Photo by SdotCruz on Flickr.
DC wants to keep its WWI memorial: The Association of the Oldest Inhabitants of the District of Columbia wants a national World War I memorial, just in Pershing Park rather than on the District's existing World War I memorial. (WAMU)

Audit for Union Station management: Union Station management will undergo a federal audit if two members of Congress have their way. Delegate Eleanor Holmes Norton "doesn't know enough to say there's something wrong, but what's worse than that is not knowing anything." (Times)

Death in Rockville crash: Five drivers, including a Metrobus operator, were involved in a major accident on Rockville Pike. One person was killed and a dozen more injured. No cause is yet known. (WAMU)

Shady deal in Catoe's Metro: A Metro manager hired a friend for $140,000 in a noncompetitive manner and fired a whistleblower for complaining to then-GM John Catoe, according to a report by WMATA's Inspector General. (Times)

An avalanche of tickets: In fiscal year 2011, DC issued 1.6 million parking tickets - roughly six per minute - according to AAA. To AAA, this amounted to "no mercy", while DPW said such enforcement was necessary to ensure parking turnover. (Times)

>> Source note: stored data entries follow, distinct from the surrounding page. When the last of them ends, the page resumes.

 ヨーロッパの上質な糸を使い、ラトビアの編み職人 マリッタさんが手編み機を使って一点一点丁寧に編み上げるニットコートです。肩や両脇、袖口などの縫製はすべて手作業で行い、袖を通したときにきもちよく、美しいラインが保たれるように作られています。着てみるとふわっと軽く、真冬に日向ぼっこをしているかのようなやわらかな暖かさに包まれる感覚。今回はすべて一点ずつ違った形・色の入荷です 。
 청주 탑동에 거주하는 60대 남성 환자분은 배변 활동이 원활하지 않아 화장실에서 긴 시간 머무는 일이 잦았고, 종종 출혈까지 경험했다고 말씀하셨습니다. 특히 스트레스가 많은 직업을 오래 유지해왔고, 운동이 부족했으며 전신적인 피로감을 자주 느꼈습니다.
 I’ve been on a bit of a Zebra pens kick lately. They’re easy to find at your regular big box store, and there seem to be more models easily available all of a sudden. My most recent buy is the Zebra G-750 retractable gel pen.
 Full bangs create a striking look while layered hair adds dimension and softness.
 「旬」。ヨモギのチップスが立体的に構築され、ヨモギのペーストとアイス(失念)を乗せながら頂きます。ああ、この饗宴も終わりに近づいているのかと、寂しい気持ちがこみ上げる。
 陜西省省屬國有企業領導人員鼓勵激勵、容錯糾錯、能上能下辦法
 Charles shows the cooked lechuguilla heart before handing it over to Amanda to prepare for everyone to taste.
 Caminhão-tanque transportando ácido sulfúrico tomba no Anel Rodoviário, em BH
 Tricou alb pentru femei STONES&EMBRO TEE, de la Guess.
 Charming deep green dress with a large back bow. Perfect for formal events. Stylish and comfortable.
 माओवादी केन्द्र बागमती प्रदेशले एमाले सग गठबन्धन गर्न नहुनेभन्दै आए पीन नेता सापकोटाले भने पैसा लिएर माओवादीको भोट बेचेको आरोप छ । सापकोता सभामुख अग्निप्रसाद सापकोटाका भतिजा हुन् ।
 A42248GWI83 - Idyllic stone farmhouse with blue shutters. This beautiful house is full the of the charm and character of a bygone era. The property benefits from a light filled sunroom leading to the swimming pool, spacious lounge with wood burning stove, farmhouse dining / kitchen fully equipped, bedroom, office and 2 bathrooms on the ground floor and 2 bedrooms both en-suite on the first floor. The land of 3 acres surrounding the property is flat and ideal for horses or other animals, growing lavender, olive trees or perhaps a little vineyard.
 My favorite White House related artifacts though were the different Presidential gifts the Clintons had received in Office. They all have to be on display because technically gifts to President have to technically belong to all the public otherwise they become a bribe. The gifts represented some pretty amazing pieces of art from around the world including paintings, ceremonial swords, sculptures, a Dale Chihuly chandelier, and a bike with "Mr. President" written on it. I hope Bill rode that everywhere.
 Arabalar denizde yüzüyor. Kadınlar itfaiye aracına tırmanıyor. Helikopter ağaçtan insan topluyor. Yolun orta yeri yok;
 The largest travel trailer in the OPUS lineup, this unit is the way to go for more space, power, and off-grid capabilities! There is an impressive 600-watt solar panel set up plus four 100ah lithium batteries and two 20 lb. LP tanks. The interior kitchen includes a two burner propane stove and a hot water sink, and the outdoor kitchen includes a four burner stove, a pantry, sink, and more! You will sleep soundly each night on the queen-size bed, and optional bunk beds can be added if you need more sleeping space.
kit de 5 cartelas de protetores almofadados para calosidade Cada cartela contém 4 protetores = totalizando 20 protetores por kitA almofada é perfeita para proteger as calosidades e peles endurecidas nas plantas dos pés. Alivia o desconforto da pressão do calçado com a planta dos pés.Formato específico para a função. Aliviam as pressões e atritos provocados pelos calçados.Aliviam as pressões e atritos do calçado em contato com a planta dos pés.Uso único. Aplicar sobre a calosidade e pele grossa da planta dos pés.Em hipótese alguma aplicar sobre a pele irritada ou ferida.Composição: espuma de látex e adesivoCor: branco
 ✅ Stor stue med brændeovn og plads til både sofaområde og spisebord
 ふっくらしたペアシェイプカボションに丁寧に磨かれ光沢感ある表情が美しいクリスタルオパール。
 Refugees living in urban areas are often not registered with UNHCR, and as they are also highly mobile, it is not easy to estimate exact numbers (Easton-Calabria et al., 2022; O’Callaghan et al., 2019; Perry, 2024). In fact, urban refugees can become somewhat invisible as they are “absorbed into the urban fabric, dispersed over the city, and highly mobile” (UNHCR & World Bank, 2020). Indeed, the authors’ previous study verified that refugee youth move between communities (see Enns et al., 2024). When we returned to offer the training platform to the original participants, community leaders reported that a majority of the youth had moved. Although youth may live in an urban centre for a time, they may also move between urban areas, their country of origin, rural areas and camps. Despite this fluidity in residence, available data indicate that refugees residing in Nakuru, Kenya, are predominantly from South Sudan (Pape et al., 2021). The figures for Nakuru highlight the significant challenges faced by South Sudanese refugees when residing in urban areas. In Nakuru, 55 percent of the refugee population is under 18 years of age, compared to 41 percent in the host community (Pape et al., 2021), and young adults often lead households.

Think of the tourists: Tourists have special transportation needs that aren't currently addressed by the region's disparate agencies and land jurisdictions, but they should be built into the regional transportation plans. (RPUS)

Madrid swaps highway for park: A corridor that once was a major highway is now a six-mile long park through the heart of Madrid, reviving once-dead neighborhoods and returning a river to the open air. (New York Times)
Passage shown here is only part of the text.